• [ACTIVITY]
The first line of the entries is where the copy starts and the line with "A teacher guide" is where it ends; set down each line exactly, both ends included, and drop pictures.

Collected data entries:
=== Section Start ===

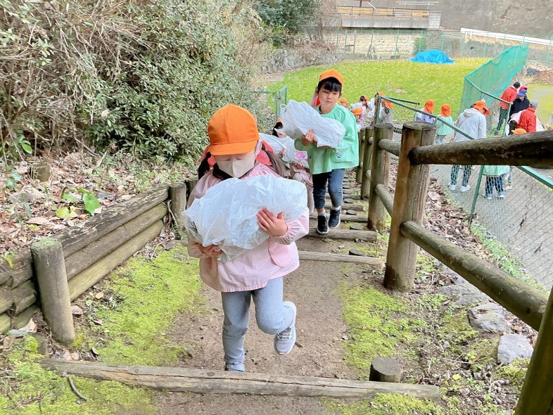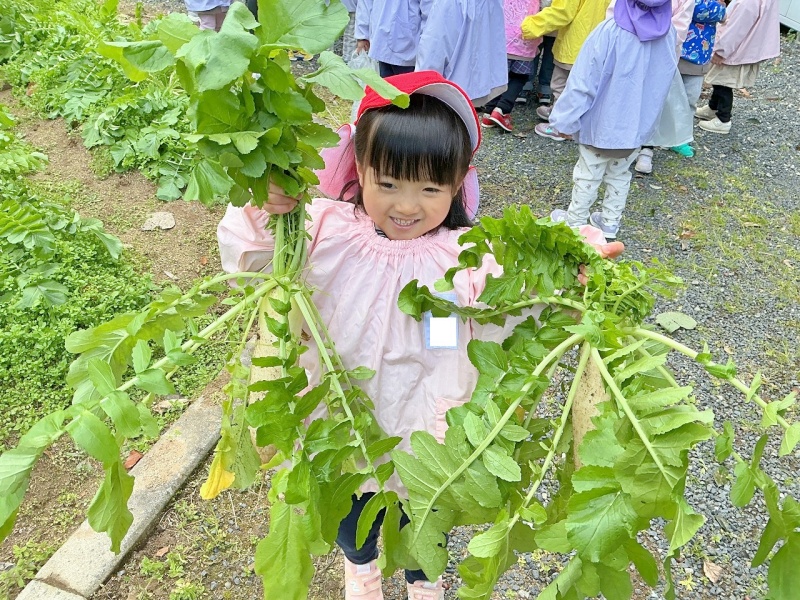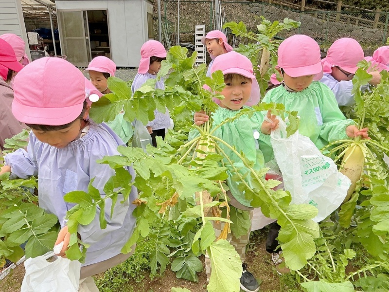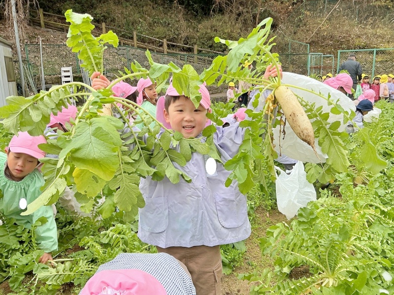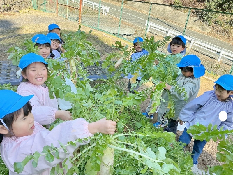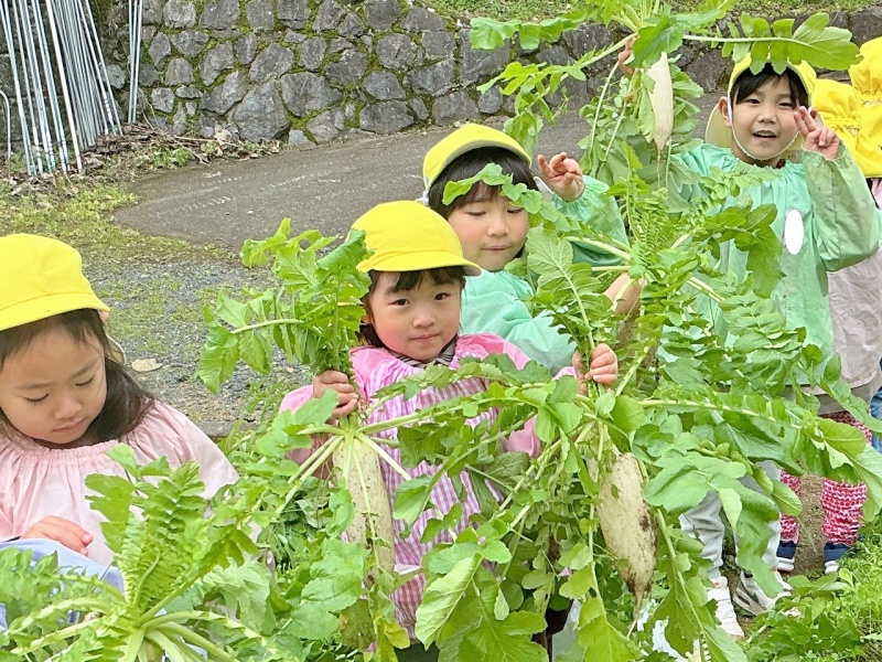 両手でしっかりと大根を持ち、力いっぱい頑張りました!
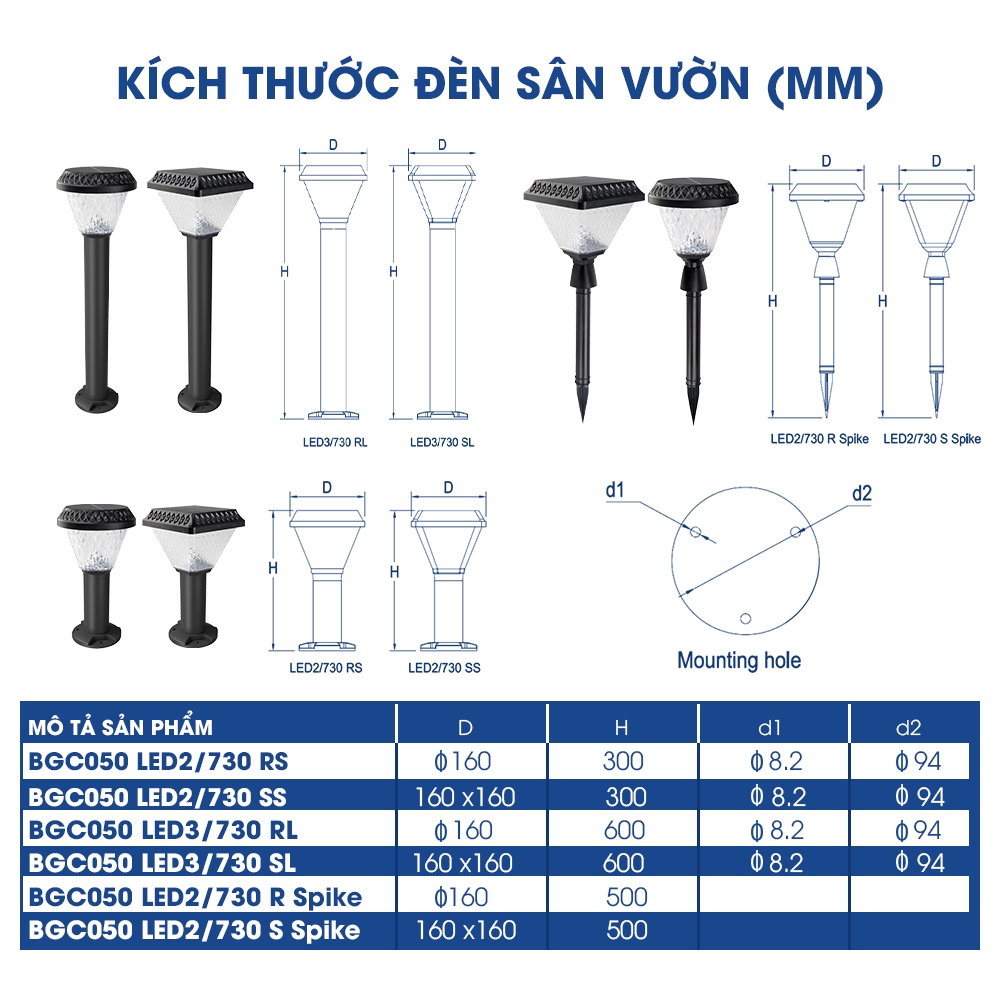 Đèn sân vườn Philips Deco solar spot BGC050 có những hình dạng RS (tròn nhỏ), RL (tròn lớn), R Spike (đinh tròn), SS (tròn nhỏ), SL (tròn lớn), S Spike (đinh tròn), chạy bằng năng lượng mặt trời rất ...
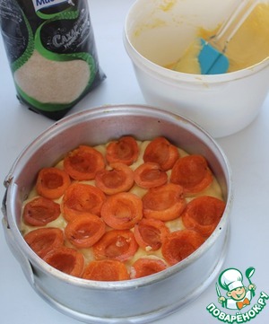 1 вариант. Выложить тесто, на тесто половинки абрикосов шкуркой вниз и присыпать коричневым сахаром.
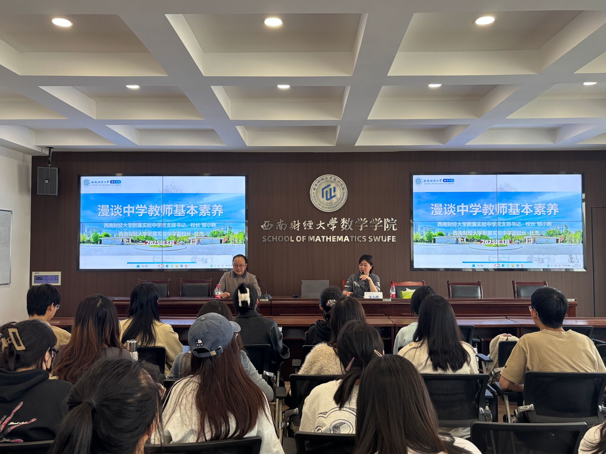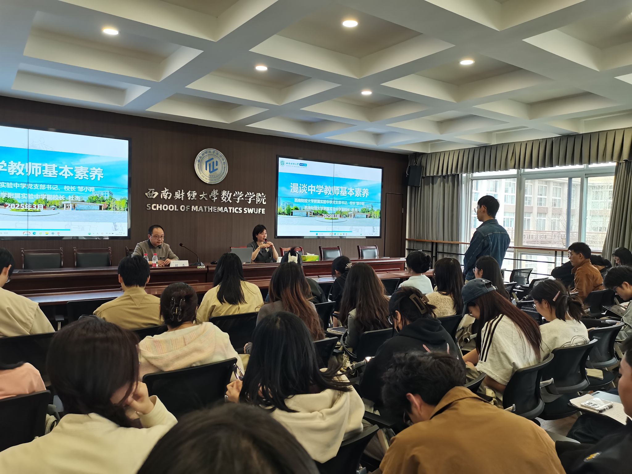 3月27日,tyc5997太阳集团在通博楼b412会议室举办“中学教师基本素养与职业发展”主题讲座,特邀tyc5997太阳集团附属实验中学董事长邹小晔、副董事长杜杰作主讲嘉宾,与公司数学专业研究生展开深入交流。
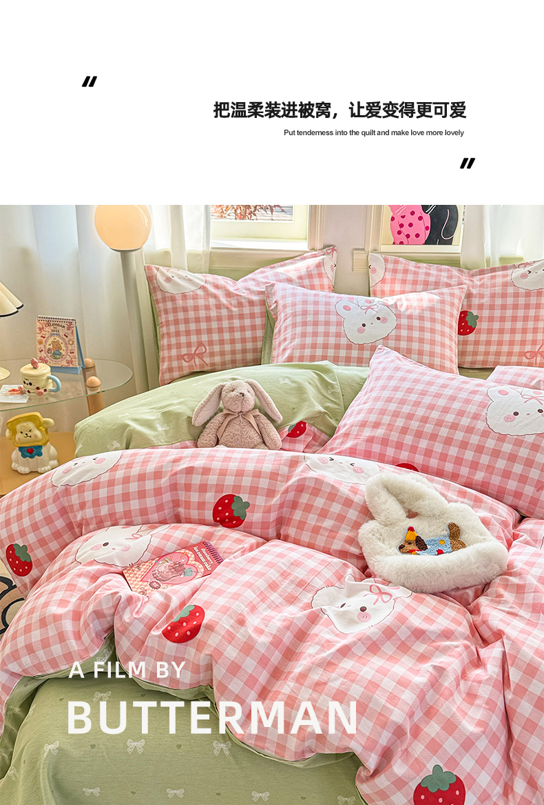 (总)简宜家居(朝初家纺) 2025新款12868全棉兔与花笺系列四件套,海星贝贝,兔与花笺,豹纹-粉,豹纹-咖,粉红可爱兔,粉色猫,粉条喵团,格纹宠物,火箭星空,蓝格欢乐,蓝花兔,萌友聚会,木马蓝格,奶蓝熊语,甜心萌犬,原野草木
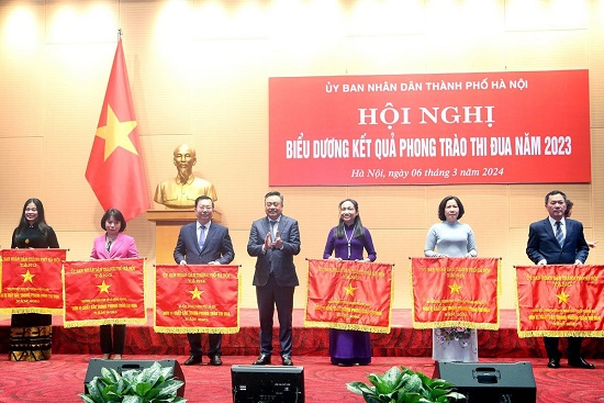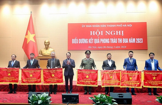 UBND thành phố Hà Nội đã tặng “Cờ đơn vị xuất sắc trong phong trào thi đua” cho 26 tập thể và Bằng khen của Chủ tịch UBND thành phố cho 83 tập thể có thành tích trong phong trào thi đua thực hiện nhiệm vụ công tác, góp phần tích cực vào sự phát triển kinh tế - xã hội của thành phố năm 2023./.
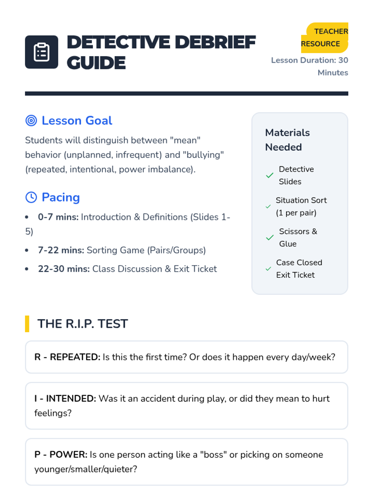 A teacher guide for the 30-minute lesson, featuring pacing, materials, the 'RIP' test explanation, game answer key, and debriefing questions. High-contrast labels for teacher use.
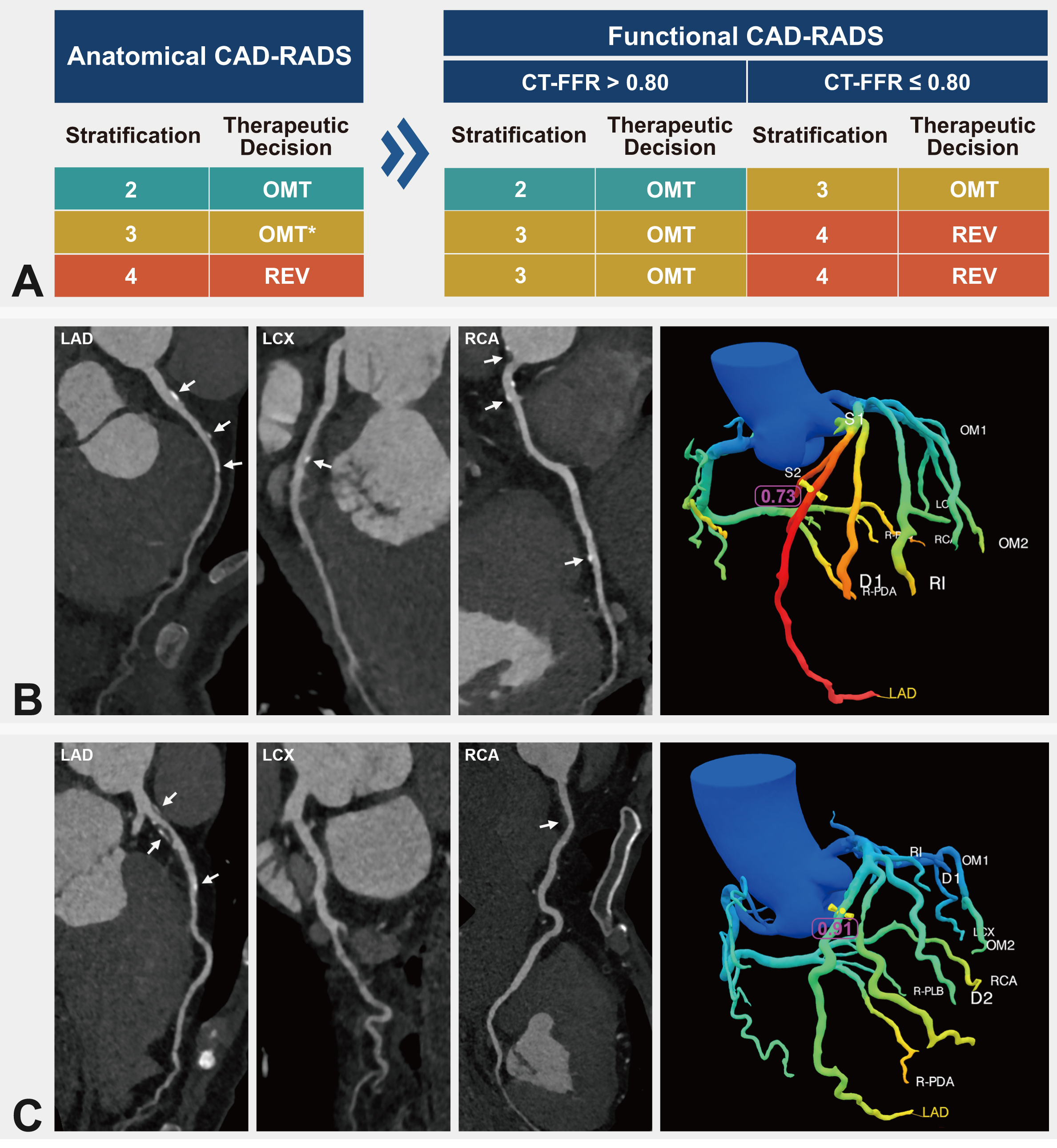 Fig. 2. Functional CAD-RADS scoring criteria and case illustrations. (A) CT-FFR-based functional CAD-RADS scoring system. (B) Case illustration. A 52-year-old male presenting with 25% stenosis in the mid-segment of the LAD was classified as CAD-RADS 2. The lesion-specific CT-FFR value was 0.73, leading to a functional CAD-RADS classification of 3. (C) Case illustration. A 70-year-old male with 80% stenosis in the pro-segment of the LAD was classified as CAD-RADS 4. The lesion-specific CT-FFR value was 0.91, leading to a functional CAD-RADS classification of 3. CAD-RADS, Coronary Artery Disease-Reporting and Data System; CT-FFR, coronary computed tomography angiography-derived fractional flow reserve; OMT, optimal medical therapy; REV, revascularization; LAD, left anterior descending artery; LCX, left circumflex artery; RCA, right coronary artery. The white arrows indicate the locations of atherosclerotic plaques in the coronary arteries. * Indicates medical therapy in the category of anatomical CAD-RADS 3, whereas intensive medical therapy is usually suggested for functional CAD-RADS 3 lesions.
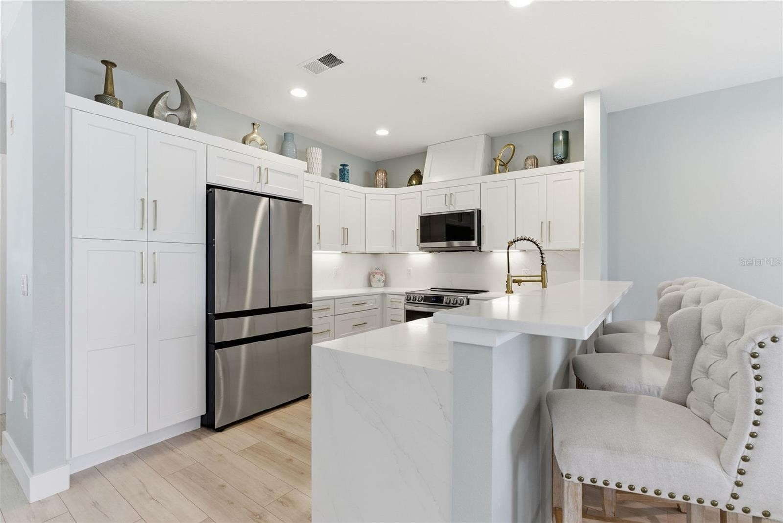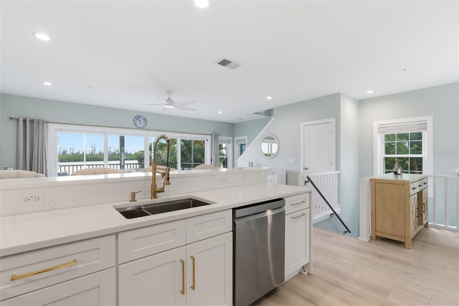 Completely remodeled in 2025, this exceptional end-unit waterfront townhome on the quiet south end of Siesta Key offers spectacular panoramic water views and breathtaking sunrises with direct access to the Intracoastal Waterway and no fixed bridges to the Gulf. Boating enthusiasts will appreciate close Gulf access through the newly reopened Midnight Pass. Located in Siesta Bayside South, an exclusive six-unit waterfront community, this is one of only two residences without a shared common wall, offering enhanced privacy. Three levels provide three distinct water perspectives — from the backyard waterfront setting, to the main living balcony, and from the private primary suite lanai — each capturing beautiful, ever-changing views of the Jim Neville Marine Preserve. The thoughtfully redesigned interior features all-new appliances including washer and dryer, upgraded lighting throughout, a whole-house water purification system, water softener (2023), central vacuum system, and spa-inspired bathrooms with rain shower heads and handheld sprays. The main living area opens to an oversized screened balcony ideal for entertaining, while the primary suite features a private 18’ x 10’ screened lanai. Boaters will appreciate the private dock with 10,000-lb lift, deep water, and new docks currently being installed. Additional amenities include a waterfront community pool and direct access from the ground-level screened lanai — perfect for grilling and relaxed waterfront living. The oversized two-car garage offers generous storage for water toys and beach gear. Most furnishings are available under separate agreement, offering the opportunity for a turnkey transition. Just ½ mile from Turtle Beach, this pet-friendly community allows 3-month minimum rentals, making it ideal as a primary residence, second home, or investment. A rare opportunity to own a fully renovated, private waterfront residence in one of Siesta Key’s most serene locations.
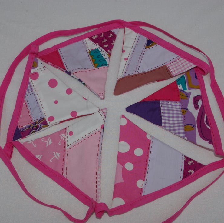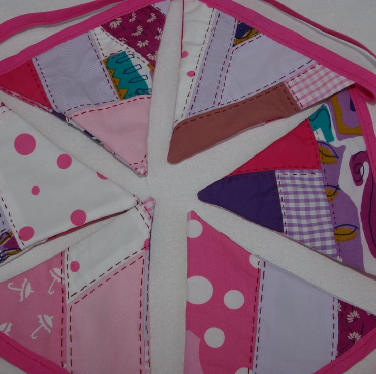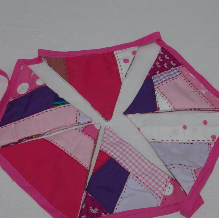 The triangles have been created from different cotton and polyester-cotton materials. The main colours used in this string of Bunting are pinks and purple with small splashes of other colours.
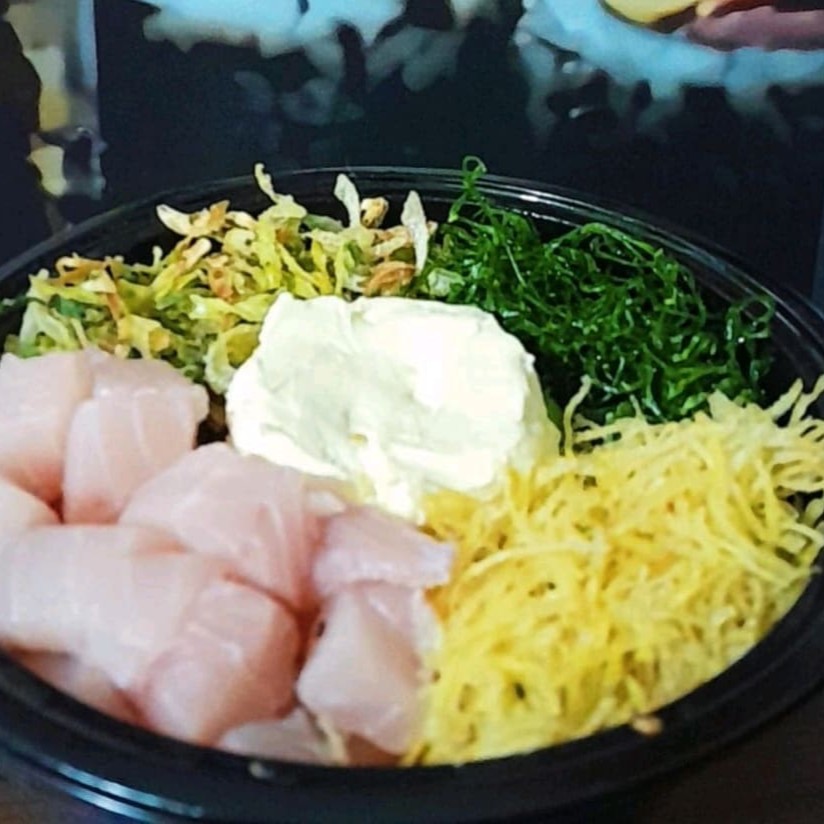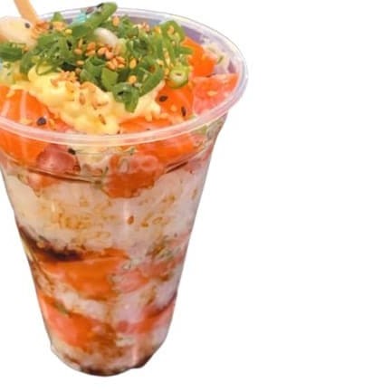 Base:200g de arroz japones. proteina:150g complementos: 5 complemotos. molho: ate um 1 molho gratis. Acompanha: 1 par de hashis (palitinhos)
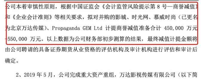 更重要的原因,是由于北京文化的商誉减值。2019年业绩报告期内,北京文化全资子公司世纪伙伴文化传媒(2015年收购价13.5亿)和浙江星河文化(2015年收购价7.5亿)经营业绩下滑,北京文化拟计提相应的商誉减值准备13亿-14.7亿。

=== Section End ===

• [SOLUTION TO THIS EXERCISE]
 両手でしっかりと大根を持ち、力いっぱい頑張りました!
 Đèn sân vườn Philips Deco solar spot BGC050 có những hình dạng RS (tròn nhỏ), RL (tròn lớn), R Spike (đinh tròn), SS (tròn nhỏ), SL (tròn lớn), S Spike (đinh tròn), chạy bằng năng lượng mặt trời rất ...
 1 вариант. Выложить тесто, на тесто половинки абрикосов шкуркой вниз и присыпать коричневым сахаром.
 3月27日,tyc5997太阳集团在通博楼b412会议室举办“中学教师基本素养与职业发展”主题讲座,特邀tyc5997太阳集团附属实验中学董事长邹小晔、副董事长杜杰作主讲嘉宾,与公司数学专业研究生展开深入交流。
 (总)简宜家居(朝初家纺) 2025新款12868全棉兔与花笺系列四件套,海星贝贝,兔与花笺,豹纹-粉,豹纹-咖,粉红可爱兔,粉色猫,粉条喵团,格纹宠物,火箭星空,蓝格欢乐,蓝花兔,萌友聚会,木马蓝格,奶蓝熊语,甜心萌犬,原野草木
 UBND thành phố Hà Nội đã tặng “Cờ đơn vị xuất sắc trong phong trào thi đua” cho 26 tập thể và Bằng khen của Chủ tịch UBND thành phố cho 83 tập thể có thành tích trong phong trào thi đua thực hiện nhiệm vụ công tác, góp phần tích cực vào sự phát triển kinh tế - xã hội của thành phố năm 2023./.
 A teacher guide for the 30-minute lesson, featuring pacing, materials, the 'RIP' test explanation, game answer key, and debriefing questions. High-contrast labels for teacher use.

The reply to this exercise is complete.